Class Logistic

java.lang.Object
weka.classifiers.AbstractClassifier
weka.classifiers.functions.Logistic
All Implemented Interfaces:
Serializable, Cloneable, Classifier, Aggregateable<Logistic>, BatchPredictor, CapabilitiesHandler, CapabilitiesIgnorer, CommandlineRunnable, OptionHandler, PMMLProducer, RevisionHandler, TechnicalInformationHandler, WeightedInstancesHandler

Class for building and using a multinomial logistic regression model with a ridge estimator.

There are some modifications, however, compared to the paper of leCessie and van Houwelingen(1992):

If there are k classes for n instances with m attributes, the parameter matrix B to be calculated will be an m*(k-1) matrix.

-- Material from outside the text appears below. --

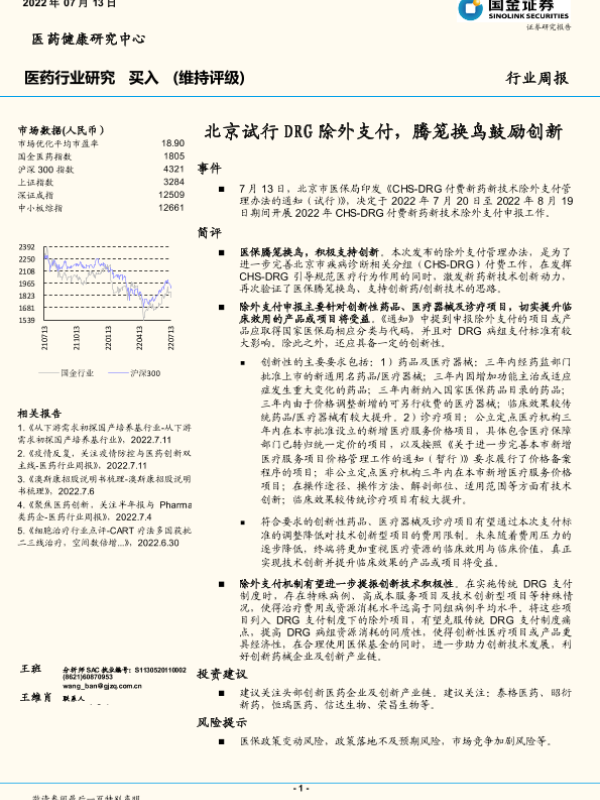 【国金证券】【20220713】北京试行DRG除外支付,腾笼换鸟鼓励创新-3页

The probability for class j with the exception of the last class is

Pj(Xi) = exp(XiBj)/((sum[j=1..(k-1)]exp(Xi*Bj))+1)

The last class has probability

1-(sum[j=1..(k-1)]Pj(Xi))
= 1/((sum[j=1..(k-1)]exp(Xi*Bj))+1)

The (negative) multinomial log-likelihood is thus:

L = -sum[i=1..n]{
sum[j=1..(k-1)](Yij * ln(Pj(Xi)))
+(1 - (sum[j=1..(k-1)]Yij))
* ln(1 - sum[j=1..(k-1)]Pj(Xi))
} + ridge * (B^2)

In order to find the matrix B for which L is minimised, a Quasi-Newton Method is used to search for the optimized values of the m*(k-1) variables. Note that before we use the optimization procedure, we 'squeeze' the matrix B into a m*(k-1) vector. For details of the optimization procedure, please check weka.core.Optimization class.

Although original Logistic Regression does not deal with instance weights, we modify the algorithm a little bit to handle the instance weights.

For more information see:

le Cessie, S., van Houwelingen, J.C. (1992). Ridge Estimators in Logistic Regression. Applied Statistics. 41(1):191-201.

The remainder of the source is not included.